Não havia emprego que aceitasse a pobre inexperiente Jhullinha.  A crise de falta de perspectivas de crescimento que o país atravessava, a falta de rumo que a politiquice ensejava, escândalos e mais deles pipocavam como milho na pipoqueira quente, tudo contribuía para o desconsolo da população jovem.

Os idosos, temerosos de ver adiada a tão sonhada aposentadoria, ficavam nas praças a discutirem as novas regras que tramitavam na câmara dos deputados.

Lojas vazias, comércio sem vender, autônomos sem entender a razão dos seus escritórios às moscas.

Um dia a pequena e linda Jhullinha passou por aqui. Ela me procurou depois de visitar meu site, paulorodarte.com. O mesmo que da pitacos na urologia e passa veloz pela literatura, quase uma crônica nova a cada dia.

A linda mocinha, de cabelos negros e pernas morenas, pequetita e simpática como uma linda bezerrinha recém-nascida, queixa-se de uma infecção urinária que se repetia sempre. Ainda estava em uso de um antibiótico poderoso.

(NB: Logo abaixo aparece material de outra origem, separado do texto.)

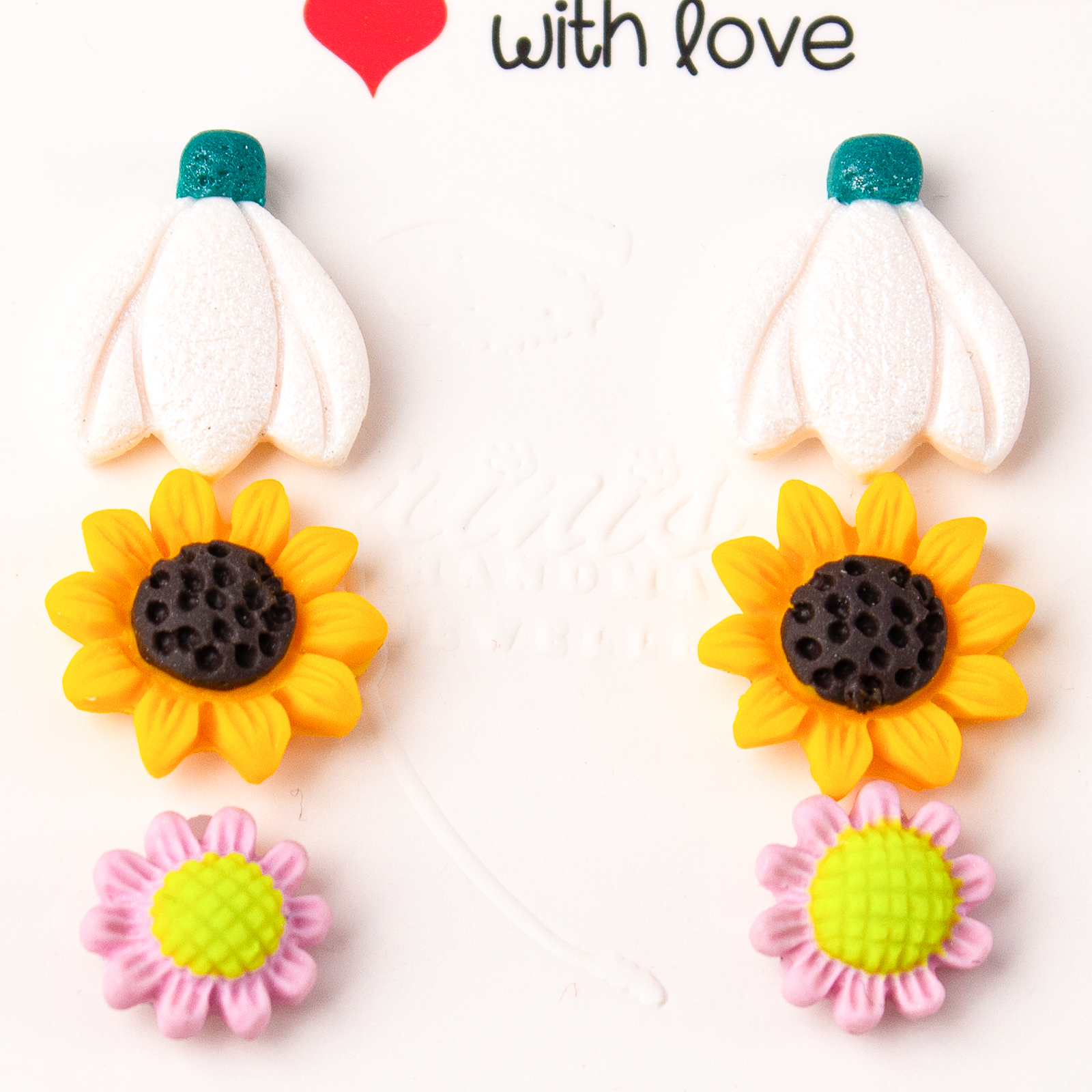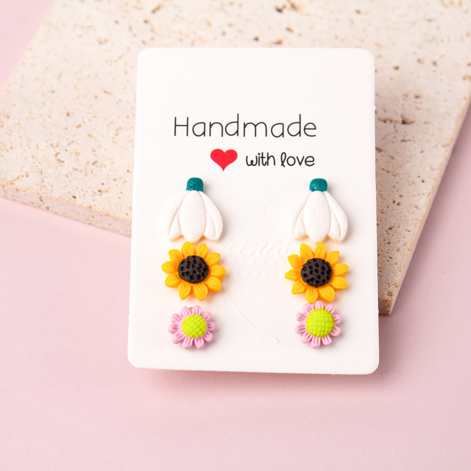 Acest set adorabil de cercei handmade din lut polimeric te va purta cu gândul la primăvară în fiecare zi! Fiecare pereche de cercei este în formă de floare, aducând un strop de prospețime și veselie oricărei ținute. Cu cele trei modele diferite, poți alege varianta perfectă pentru a completa look-ul tău primăvăratic. Bucură-te de frumusețea și delicatețea acestor cercei care aduc cu ei farmecul și prospețimea primăverii!

Mas nada de melhorar os sintomas miccionais.

Ao final da consulta, com os exames pedidos, deveria ter investigado antes a razão da volta das suas infecções, poderia ter como causa um cálculo renal, ou outra coisinha qualquer, ao ver a pequena mocinha deixar a sala, onde estou agorinha, neste dia vinte e dois de setembro, percebi-lhe, na face, mais um olhar de desconsolo.

Igual a tantos outros desempregados. Lotando balcões de emprego, distribuindo currículos, andando sem rumo, como sem rumo se mostra o nosso desgovernado país.